Namun menurutnya tingkat keparahannya berbeda-beda setiap daerah. Ia menuturkan, musim kemarau yang cukup lama menyebabkan kekeringan dan masyarakat sulit mendapatkan air untuk kebutuhan sehari-hari.
Gubernur Jabar, kata Deddy, telah mengimbau seluruh kepala daerah kota/kabupaten untuk menyuplai memenuhi kebutuhan air di daerahnya masing-masing.
“Segera koordinasi jika kekurangan air bersih, jangan sampai tidak ada air untuk minum,” katanya, Rabu (20/7/2017), dilansir Antara.
Menurutnya jangan sampai ditemukan ada warga sulit mendapatkan air bersih, yang akhirnya memaksakan diri mengonsumsi air kotor.
“Tidak baik untuk kesehatan (air kotor), nanti kalau tidak ada air akan disuplai,” katanya.
Ia menambahkan, selain kebutuhan air bersih bagi masyarakat, pemerintah daerah juga harus memenuhi kebutuhan air untuk areal pertanian.
Jika tidak ada pasokan air untuk lahan pertanian, kata dia, maka akan menimbulkan kerugian yang besar terhadap petani akibat gagal tanam maupun panen.

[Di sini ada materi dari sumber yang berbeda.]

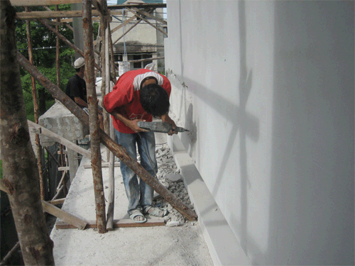 แสดงว่าฉาบไม่ติด ช่างก็จะสกัดปูนบริเวณนี้ออก แล้วฉาบใหม่
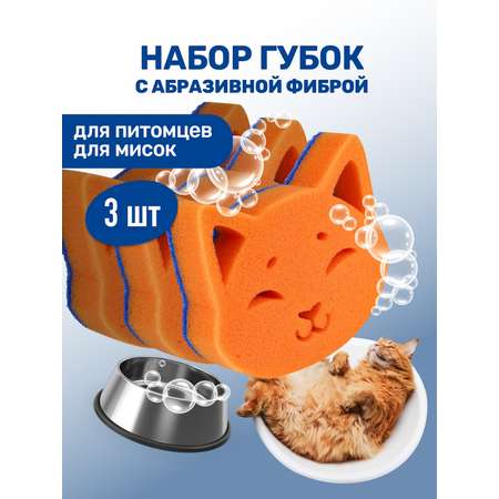 Набор губок для мытья животных ZOORIK с абразивной фиброй кошка 3 шт
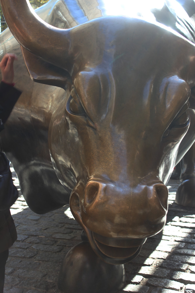 Once the boat dropped us off, we headed to the 911 Memorial. On the way, we wondered around Wall Street, and tried to see the Charging Bull. It was surround by people taking pictures touching his man parts. We kept going.
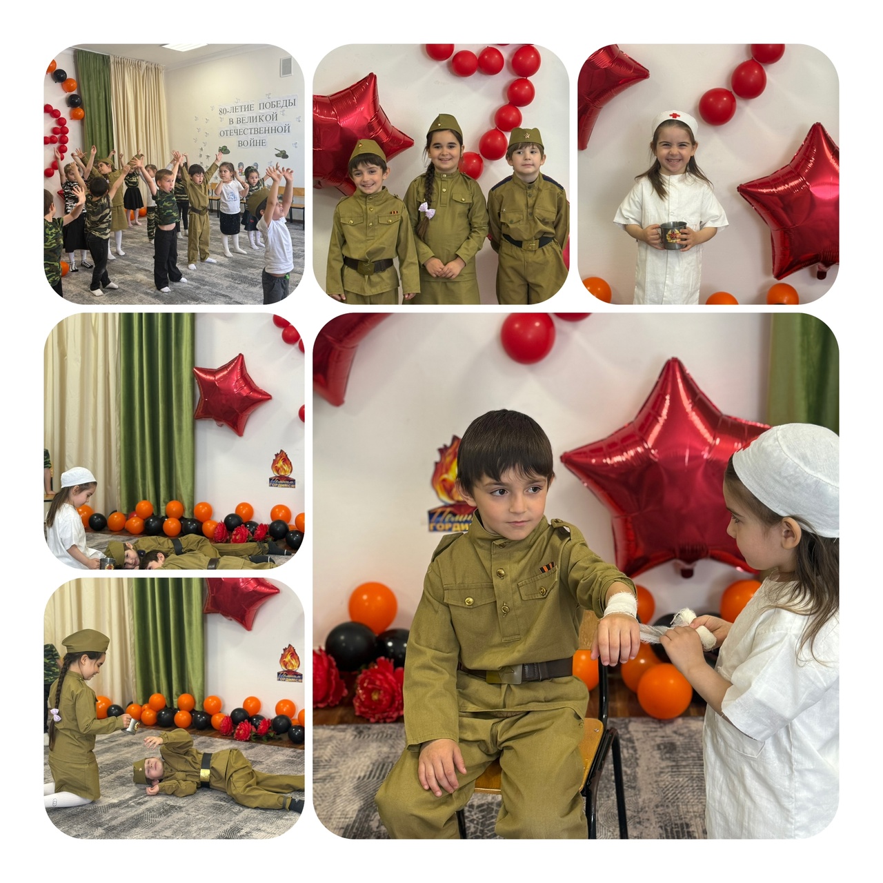 08.05.2025МБДОУ «Детский сад»Чебурашка» Средняя группа «Ласточки» Тема:80-летие Победы в Великой Отечественной войне. В преддверии празднования 80-летия Дня Победы в детском саду проходили мероприятия в рамках тематической недели «День Победы». Цель: воспитание у детей дошкольного возраста нравственно – патриотических качеств и чувств гордости за свою Родину. Во всех группах с детьми проводились беседы: «Памятное место нашего поселка», «Чтобы знали, чтобы помнили», «День Победы», " Что такое героизм", «Георгиевская лента – символ Дня Победы», «Военная техника, рода войск», «Родина-мать зовет!», Были проведены художественные чтения. Их цель: научить чуткому, доброжелательному отношению к товарищам; побудить детей к нравственным поступкам; воспитывать чувство уважения к людям, доброжелательность, дружелюбие, желание совершать добрые поступки. Дети услышали рассказы и стихи о суровых военных днях, о подвигах солдат Великой Отечественной Войны и сами стали составителями рассказов о своих прадедах. Праздник, посвященный Дню Победы, прошел 7мая 2025 года в детском саду. Его участниками стали дети с средней гриппы»Ласточки». Праздник был подготовлен с целью формирования у детей знаний о Великой Отечественной войне, обогащения знаний дошкольников об истории своей страны, развития творческих способностей детей, воспитания чувства гордости за героизм нашего народа, воспитания устойчивого интереса к армии. Воспитатель: Сулейманова Д.И.
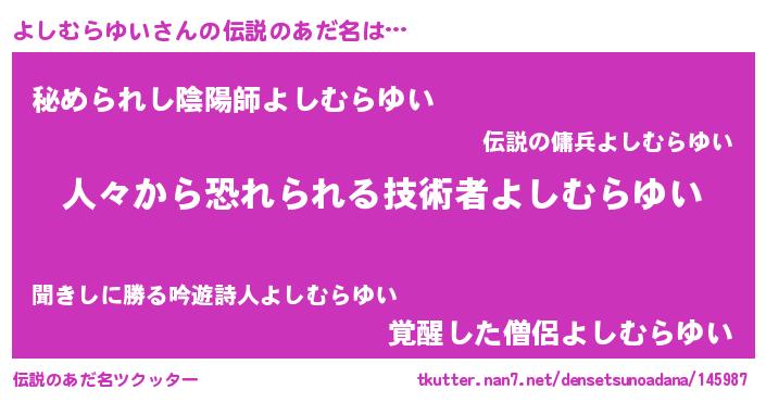 | 意味不明あだ名 | 『自称よしむらゆい』 |

Deddy juga berharap, bencana kekeringan di Jabar harus menjadi pembelajaran bagi seluruh masyarakat dengan selalu menjaga lingkungan dan mata air.
“Kekeringan kan karena daerah resapan air berkurang, debit air turun saat kemarau, air sungai juga kotor karena banyak yang buang sampah dan limbah,” katanya.